INFORMATION GIVEN below:

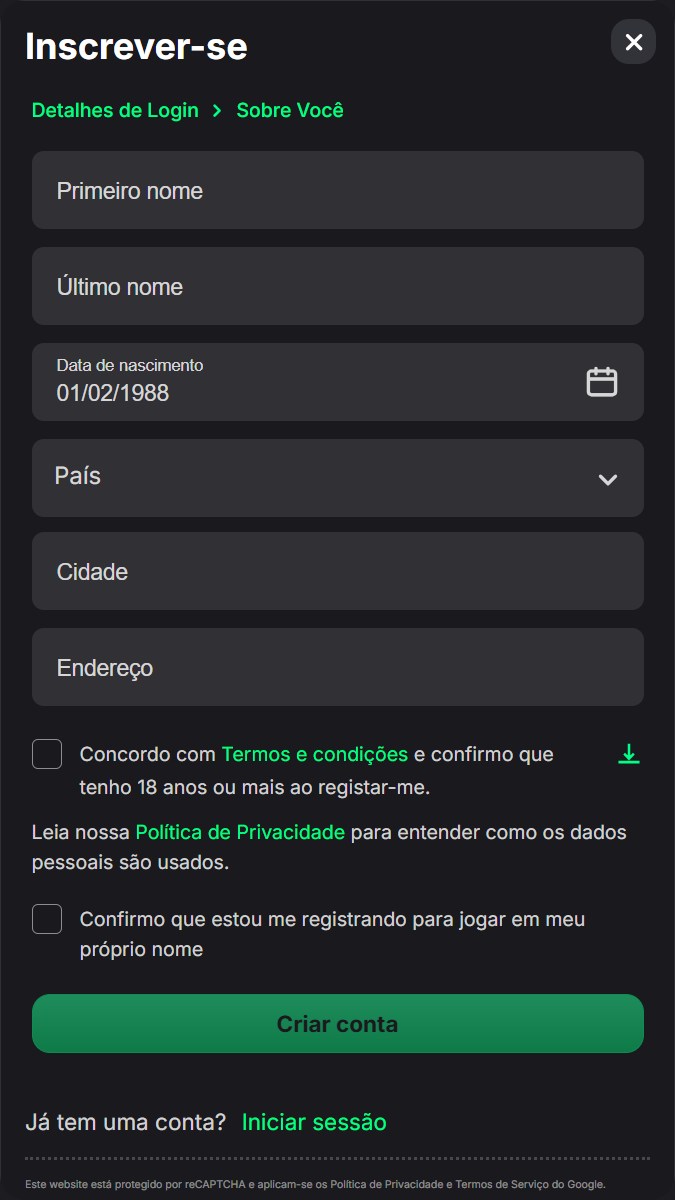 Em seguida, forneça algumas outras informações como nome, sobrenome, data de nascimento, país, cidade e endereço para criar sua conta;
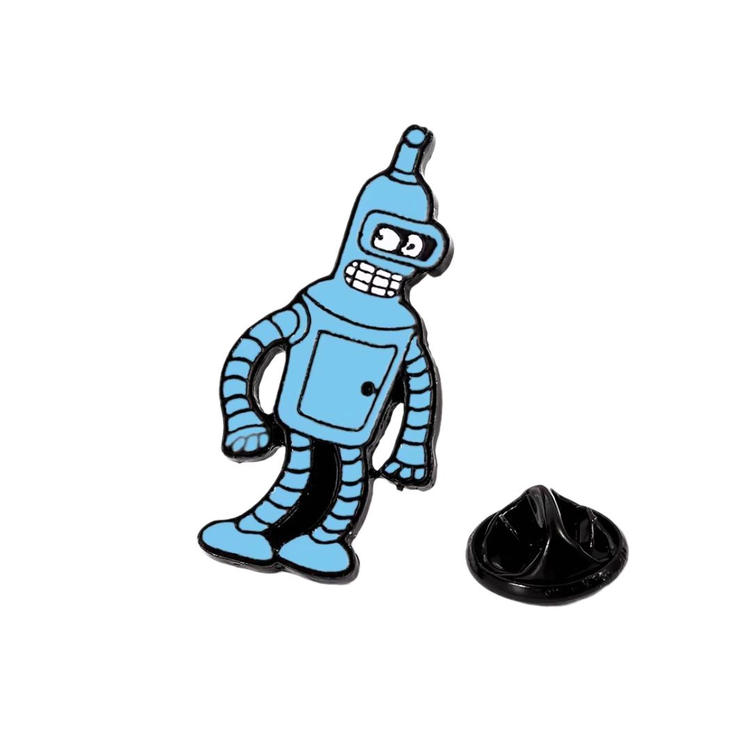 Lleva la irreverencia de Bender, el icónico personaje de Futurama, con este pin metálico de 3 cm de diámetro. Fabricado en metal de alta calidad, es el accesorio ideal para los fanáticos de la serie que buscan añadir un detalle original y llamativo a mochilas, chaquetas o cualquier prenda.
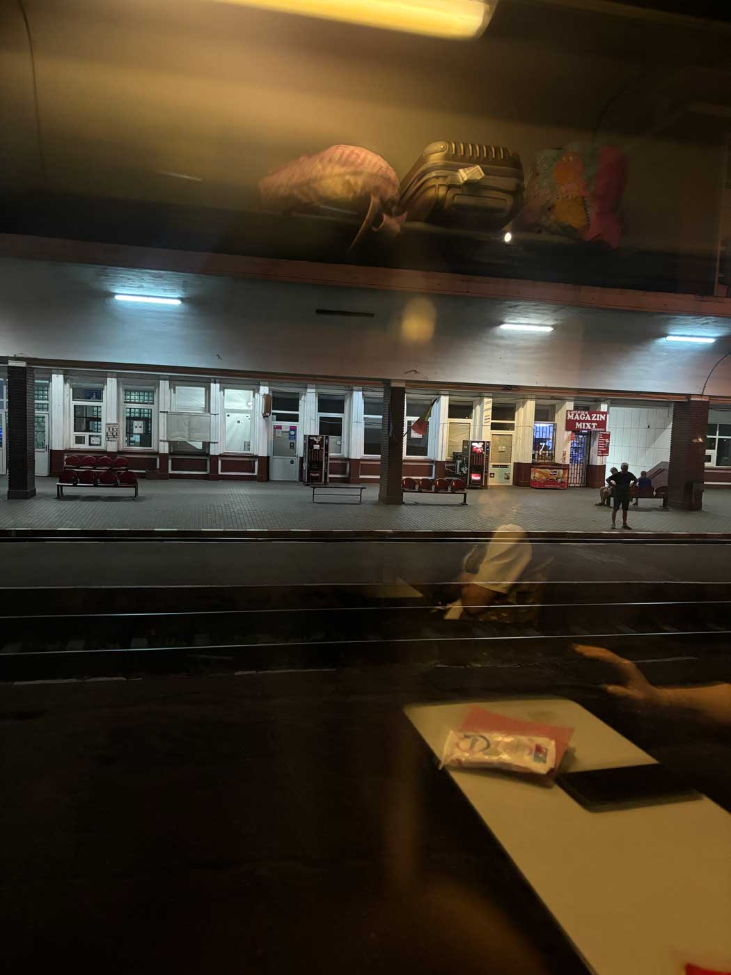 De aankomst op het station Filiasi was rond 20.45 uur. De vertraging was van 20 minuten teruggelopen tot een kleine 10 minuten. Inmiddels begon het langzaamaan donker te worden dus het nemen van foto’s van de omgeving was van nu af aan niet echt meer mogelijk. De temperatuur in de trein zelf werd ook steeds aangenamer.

End of INFORMATION GIVEN.
INFORMATION GIVEN below:

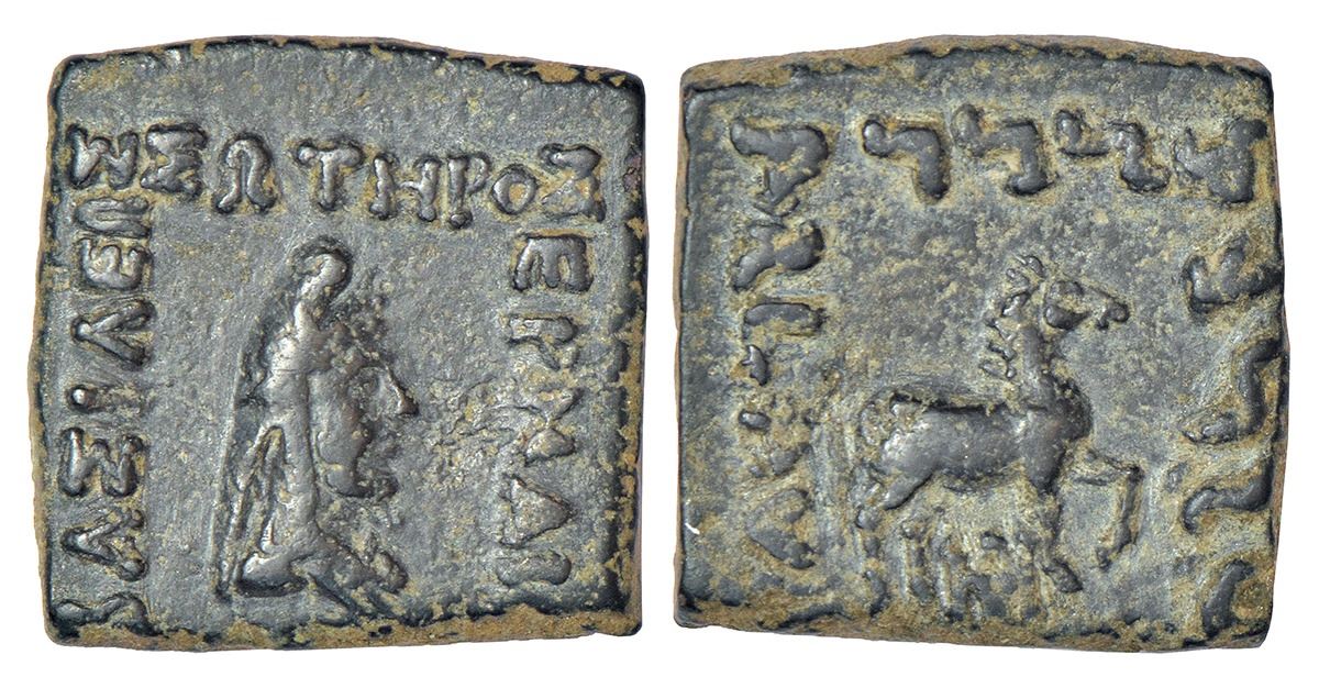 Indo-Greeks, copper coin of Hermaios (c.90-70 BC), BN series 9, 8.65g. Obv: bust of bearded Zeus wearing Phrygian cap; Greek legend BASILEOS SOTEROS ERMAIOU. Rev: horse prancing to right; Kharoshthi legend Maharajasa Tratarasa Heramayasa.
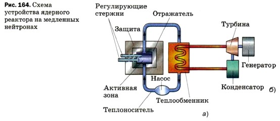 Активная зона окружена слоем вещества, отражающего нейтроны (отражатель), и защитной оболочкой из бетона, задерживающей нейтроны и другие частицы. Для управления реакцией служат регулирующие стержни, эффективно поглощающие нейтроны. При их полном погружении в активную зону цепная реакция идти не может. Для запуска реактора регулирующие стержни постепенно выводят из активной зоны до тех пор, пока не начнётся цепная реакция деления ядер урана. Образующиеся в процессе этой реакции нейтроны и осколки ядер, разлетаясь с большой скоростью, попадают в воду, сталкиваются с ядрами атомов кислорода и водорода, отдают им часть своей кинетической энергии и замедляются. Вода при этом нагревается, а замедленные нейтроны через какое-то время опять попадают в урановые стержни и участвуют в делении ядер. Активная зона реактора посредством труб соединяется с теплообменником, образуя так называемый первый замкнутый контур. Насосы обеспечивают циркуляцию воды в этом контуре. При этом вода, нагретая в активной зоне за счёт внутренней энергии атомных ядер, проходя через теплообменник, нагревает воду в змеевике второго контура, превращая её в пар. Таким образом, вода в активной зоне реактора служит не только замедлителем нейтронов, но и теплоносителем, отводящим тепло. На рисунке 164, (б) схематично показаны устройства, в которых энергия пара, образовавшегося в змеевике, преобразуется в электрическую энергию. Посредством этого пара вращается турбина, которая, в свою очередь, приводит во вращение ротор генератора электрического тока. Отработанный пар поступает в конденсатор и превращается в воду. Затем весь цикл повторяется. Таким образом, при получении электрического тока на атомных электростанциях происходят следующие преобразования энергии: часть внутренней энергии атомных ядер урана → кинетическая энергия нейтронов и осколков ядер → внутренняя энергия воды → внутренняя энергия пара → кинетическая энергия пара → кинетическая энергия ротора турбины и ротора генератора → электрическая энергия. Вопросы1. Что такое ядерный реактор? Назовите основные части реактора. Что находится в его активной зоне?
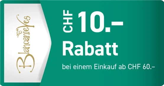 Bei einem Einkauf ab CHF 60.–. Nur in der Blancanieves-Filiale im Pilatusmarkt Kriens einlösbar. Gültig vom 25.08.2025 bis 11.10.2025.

End of INFORMATION GIVEN.

**TASK GOAL**
Pictures excluded, give again exactly and only the lines of the material above from the line with "Em seguida, forneça" through the line with "De aankomst op".

**REPLY TO THE TASK**
 Em seguida, forneça algumas outras informações como nome, sobrenome, data de nascimento, país, cidade e endereço para criar sua conta;
 Lleva la irreverencia de Bender, el icónico personaje de Futurama, con este pin metálico de 3 cm de diámetro. Fabricado en metal de alta calidad, es el accesorio ideal para los fanáticos de la serie que buscan añadir un detalle original y llamativo a mochilas, chaquetas o cualquier prenda.
 De aankomst op het station Filiasi was rond 20.45 uur. De vertraging was van 20 minuten teruggelopen tot een kleine 10 minuten. Inmiddels begon het langzaamaan donker te worden dus het nemen van foto’s van de omgeving was van nu af aan niet echt meer mogelijk. De temperatuur in de trein zelf werd ook steeds aangenamer.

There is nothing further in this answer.